The win, combined with Las Aguilas' 2-0 Copa MX quarterfinal victory last Wednesday, capped a nightmare week for Chivas. And Herrera, bringing his team to face Chivas in Guadalajara for the first time since winning title No. 13 last December, had the ammunition to rub in his team's superiority, but opted not to.

"I can't say that we are much better than them," Herrera told a news conference.

Circumstances in the first half certainly didn't suggest Chivas' would get a result. The decision by coach Jose Cardozo to take off Alexis Vega and replace him with Guillermo Madrigal after half an hour was made to look unwise when Jesus Molina received a red card in the 37th minute. Then Alan Pulido's injury just before half-time was another blow.

But the central take from the Clasico has to be that America is a level above Chivas right now. It's not a chasm, but the gap is evident. Chivas are a mid-table team hoping for the playoffs and going through a bad spell; America is reigning Liga MX champion gearing up to make a realistic defense of its crown.

The final whistle on Saturday was greeted with chants of "Cardozo out." Four games without a goal and two wins in Chivas' last 12 matches will do that. And the Paraguayan has made some strange decisions: like resting players last Wednesday, starting winger Alejandro Zendejas on Saturday, and then subbing out Vega early.

But the one thing that can be salvaged from a Chivas point of view is that the team didn't give up. Even if it did take 85 minutes to record a shot on target, at home, against their biggest rival, Chivas were at least still pushing as the final whistle rang out.

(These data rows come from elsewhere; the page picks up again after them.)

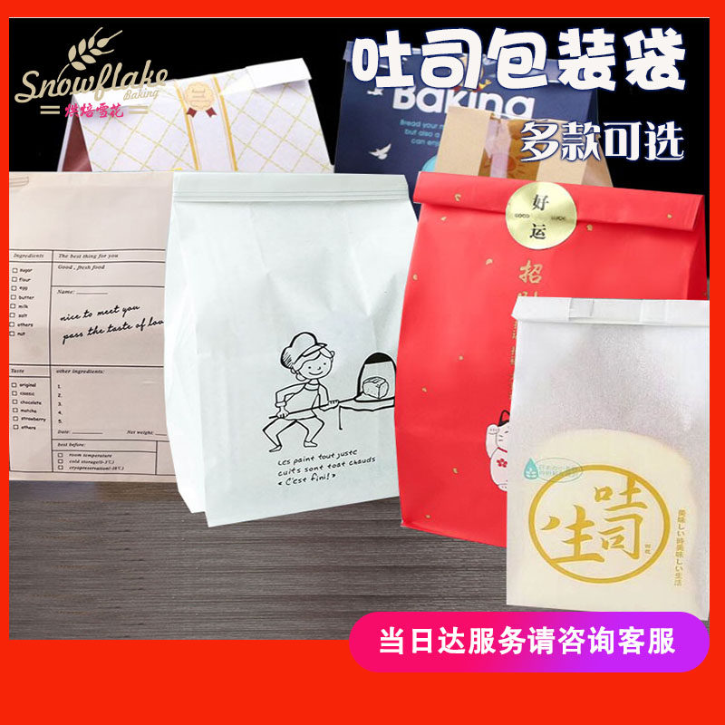 Toast bag white hand-painted film toast with wire curled edges baking packaging self-styled pound cake Black Literal Bag bag
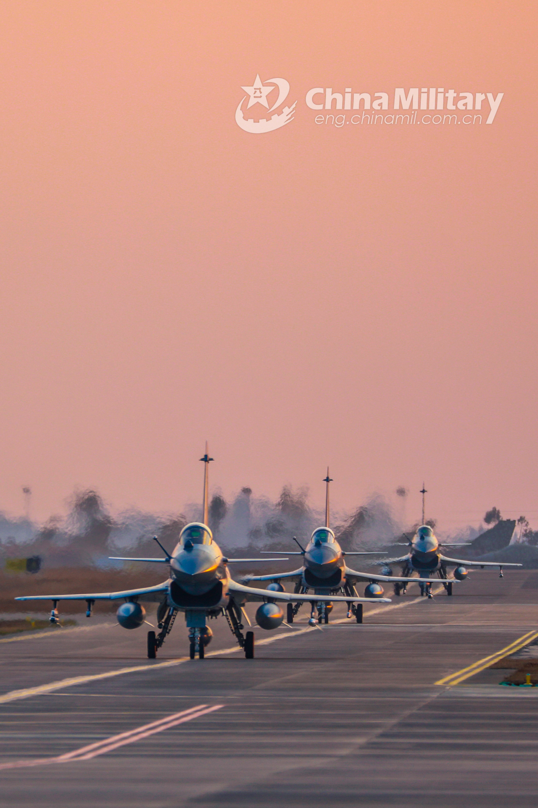 Three J-10 fighter jets attached to an aviation brigade of the air force under the PLA Southern Theater Command taxi on the flight line in close formation during a day-into-night flight training exercise on February 2, 2021. The exercise is focused on training items like tactical formation flight, simulated aerial combat, etc. (eng.chinamil.com.cn/photo by Wang Guoyun )
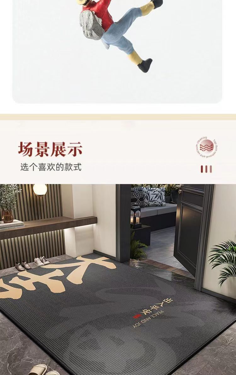 简约入户地垫灰色进门玄关耐脏脚垫中式大门口除尘耐脏门垫免洗垫
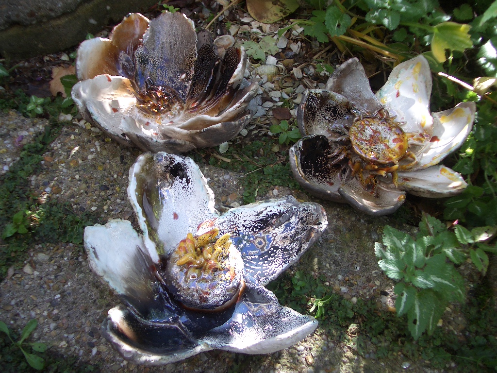 3 lotusbloemen in keramiek....handvormen, glazuur en rookstook.
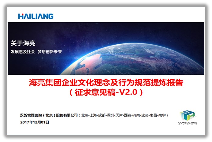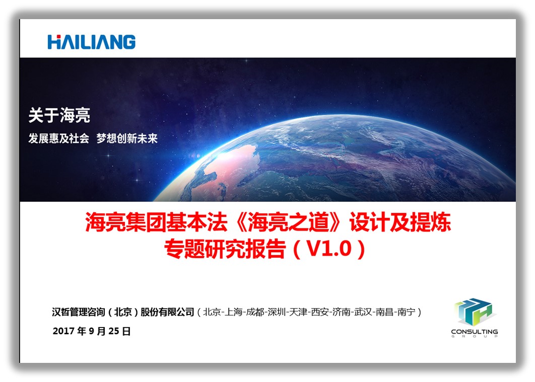 本次漢哲咨詢與海亮集團(tuán)的合作,是在集團(tuán)戰(zhàn)略轉(zhuǎn)型升級的關(guān)鍵時(shí)期,在對全球近20家可持續(xù)發(fā)展企業(yè)進(jìn)行深入研究的基礎(chǔ)上,為海亮量身定制企業(yè)管理基本綱領(lǐng)-《海亮之道》?!逗A林馈钒ê诵奈幕砟睢Ⅻh建工作指引、重大社會(huì)關(guān)系準(zhǔn)則、事業(yè)發(fā)展原則、組織發(fā)展政策、運(yùn)營控制政策、人才管理政策等七章44條,涵蓋了從企業(yè)頂層結(jié)構(gòu)到運(yùn)營管理的方方面面。同期,也發(fā)布了《海亮企業(yè)文化領(lǐng)要》,對企業(yè)的愿景、使命、核心價(jià)值觀、企業(yè)精神、干部員工行為準(zhǔn)則進(jìn)行了全新的詮釋。
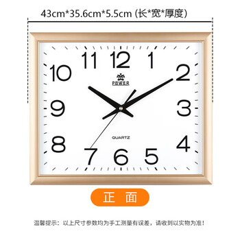 POWER霸王挂钟 客厅方形大钟表简约创意挂墙时钟长43cm BW23040D1金
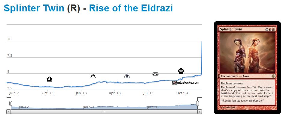 There are two categories of cards I’m keeping my eyes out for during the holiday sale season: Modern and Theros temples. The former because we will see many more instances of Splinter Twin-like spikes in the next few months. I will be closely watching for deals on Spellskite, Birthing Pod, Scars fastlands, Worldwake manlands, and an array of other cards prone to spiking come Modern season.
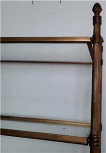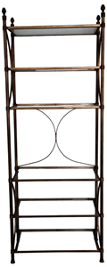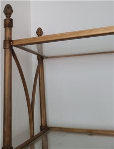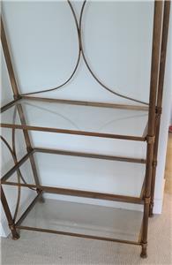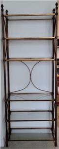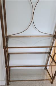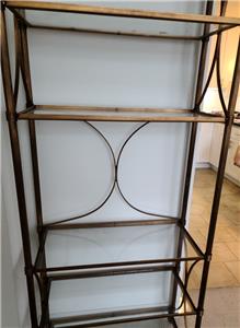 Offered here is this Beautiful Metal Etagere Shelf with Glass Shelves. It has a very nice, stylish design, and is in very good condition, with the glass shelves intact with no chips or cracks. I am unsure of the age or manufacture of the shelf. It is copper in color, and the glass shelves are clear glass. The shelf posts have a reeded design that gives the shelving unit a wonderful stylish appeal. There are six (6) shelves in the unit. The unit is 80” tall, with the top shelf sitting at 75.5” high, the next shelf down is at 63.5” high, the next is at 51 5” high, the next is at 28” high, the next is at 16.5” high, and the bottom shelf is at 4.5” high. The unit is 30.5” long side to side, and 14” wide front to back. It is a very nice, stylish Etagere Shelf with plenty of space to display your treasured items and books.

"[The players] have to leave with their heads held high, they gave everything, there's no recrimination for them," said Cardozo when asked about his postmatch message to the players.

Applauding effort, however, is not good enough for a club that has 12 league titles, boasts a stadium that elite teams in Europe would be proud to play in and claims to have 40 million fans. The bottom line is that the product on the field isn't matching the size of the institution at present.

How many of Chivas' players would get into Club America's starting XI? Perhaps Isaac Brizuela? Maybe one or two others? It certainly isn't many.

Chivas have fallen behind America since that 2017 Clausura title. Of the XI players that started the second leg of that final against Tigres less than two years ago, eight have left the club. Perhaps a clean-up was required -- which is the word being filtered out from the club -- but those title-winning stars haven't been adequately replaced, with the assumption being that the club's finances are not as healthy as they once were.

It contrasts sharply with Club America's reaction to winning the 2018 Apertura.

Las Aguilas lost Diego Lainez, Cecilio Dominguez and Joe Corona over the winter, but went out and bought Chile international striker Nico Castillo. The 26-year-old is proven in Liga MX, certainly wasn't cheap and scores the type of goals like the diving header that put America 1-0 up on Saturday. America also added Nicolas Benedetti, a 21-year-old Colombian midfielder set for a big future. They are the type of signings that big clubs make, or at least should do.

Chivas tightened the purse strings after their title, while America improved its starting XI; those contrasting realities played out over the 180 minutes as the teams locked horns this week.

After the game, Herrera and Cardozo sidestepped the central issue, but the reality was obvious: America is much closer to winning title No. 14 than Chivas is to lifting No. 13.